From: jamal <hadi@cyberus.ca>
To: Herbert Xu <herbert@gondor.apana.org.au>
Cc: davem@davemloft.net, kaber@trash.net, yoshfuji@linux-ipv6.org,
nakam@linux-ipv6.org, eric.dumazet@gmail.com,
netdev@vger.kernel.org,
Steffen Klassert <steffen.klassert@secunet.com>
Subject: Re: [RFC PATCH]xfrm: fix perpetual bundles
Date: Tue, 02 Mar 2010 07:11:45 -0500 [thread overview]
Message-ID: <1267531905.21749.21.camel@bigi> (raw)
In-Reply-To: <20100302112754.GA1513@gondor.apana.org.au>
On Tue, 2010-03-02 at 19:27 +0800, Herbert Xu wrote:
> On Wed, Feb 24, 2010 at 08:19:24AM -0500, jamal wrote:
> > 1)In the connect() stage, in the slow path a route cache is
> > created with the rth->fl.fl4_src of 0.0.0.0...

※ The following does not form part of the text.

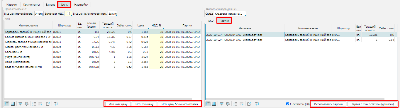 На закладке Партия можно выбрать для каждого компонента конкретную партию  и нажать Использовать партию, или нажать кнопку Партия с мах остатком (для всех) , для всех компонентов будут проставлены такие партии и использованы цены их этих партий.
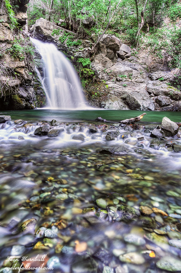 There is no trail to Vicente Falls. It is about a half mile upstream and you just walk straight up the creek and along the side of the creek (in the poison oak). It is not too difficult and it is fun. Except for a couple parts where (yet again) there were some big tree blowdowns in the canyon from the Dolan Fire. This made the hike almost impassable but not quite. I was able to continue past them and made it up to the waterfall.

> > ==> policy->bundles is empty, so we do a lookup, fail, create
> > one.. (remember rth->fl.fl4_src of 0.0.0.0 at this stage and
> > thats what we end storing in the bundle/xdst for later comparison
> > instead of the skb's fl)
>
> So this is root number 1. When this stuff was first written this
> case simply wasn't possible. So I think the question we need to
> ask here is can we get a valid address there at the connect stage?
fl->fl4_src is valid non-zero. But in xfrm4_fill_dst()

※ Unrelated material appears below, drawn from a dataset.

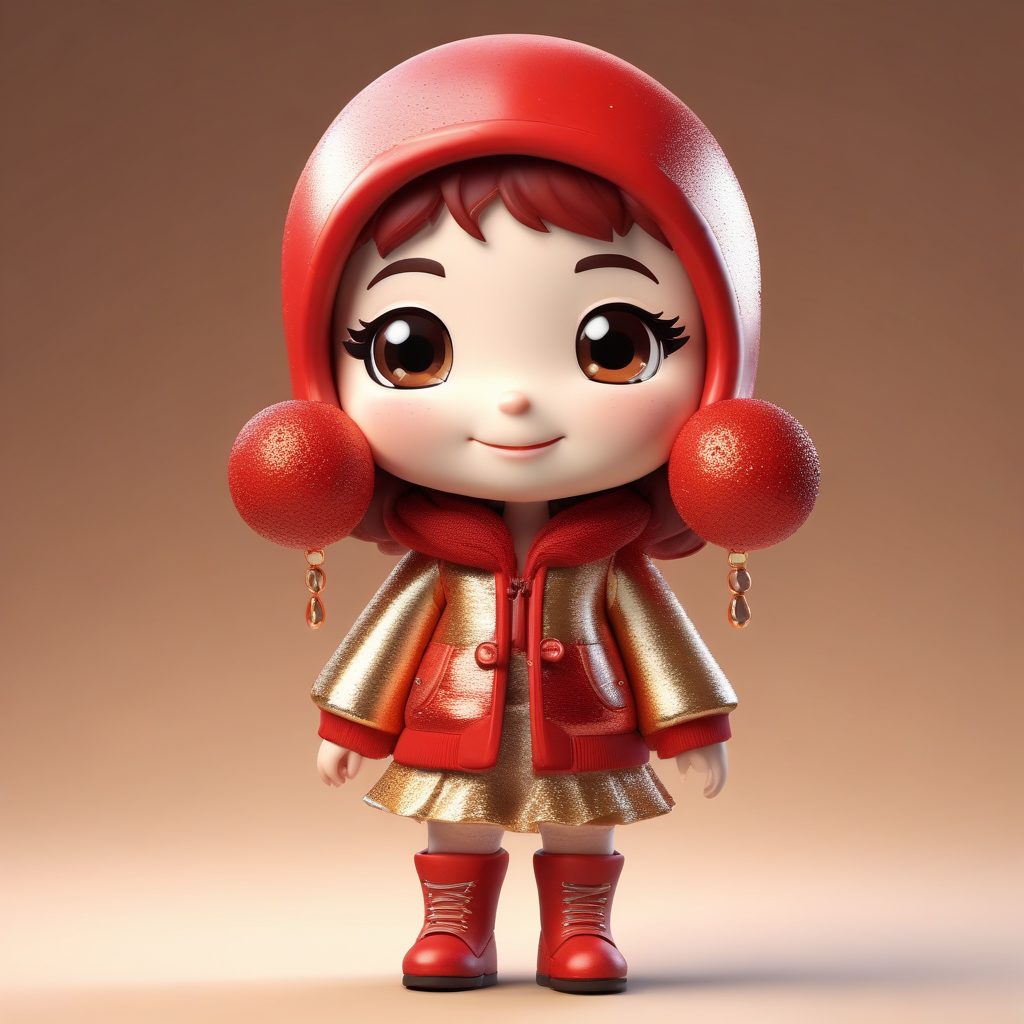 一个全身站立的可爱时尚Q版女孩角色,拥有大头小身,她穿着带有亮片元素的闪耀冬装,表情极其丰富,带着开心的露齿大笑。设计遵循盲盒手办美学。材质为光滑、带有亮光颗粒的粘土。这是一个高保真3D渲染,通过Octane渲染引擎实现。精确的光线追踪和柔和的工作室照明,突出了充满活力的红金柔和色彩。8K高细节。背景是干净、简单的纯红色纯色,完全空白。

we do wholesale copy of xdst->u.rt.fl = rt->fl; and rt->fl.fl4_src is
0.0.0.0.
> After all, for non-IPsec connect(2)s, you do get a valid IP address.
> So I don't see why the IPsec case should be different.
>
> Creating a bundle with a zero source address is just a hack to
> make connect(2) succeed immediately. AFAICS getting a valid IP
> address can also be done without waiting for the whole IPsec state
> to be created.
>
I did try to "fix it" above via:
+ if (!xdst->u.rt.fl.fl4_src) {
+ xdst->u.rt.fl.fl4_src = fl->fl4_src;
+ }
But this breaks again later in sendmsg bundle lookup because of
XFRM_SUB_POLICY. If i turned off config XFRM_SUB_POLICY, then
all works. I didnt look closely, but SUB_POLICY does do a memcpy
or two off the dst passed in connect() - which has the wrong src.
So i would have to "fix" a few more spots for it to work. This is
where i gave up concluding that i was just plugging with band-aids.
> Of course if anybody is still interested we could also revisit
> the neighbouresque queueing idea.
not plugged into that discussion..
> > 2)ping sends a packet (does a sendmsg)
> > ==> xfrm_find_bundle() ends up comparing skb's->fl (non-zero
> > fl->fl4_src) with what we stored from #1b. Fails.
> > ==> we create a new bundle at attach the old one at the end of it.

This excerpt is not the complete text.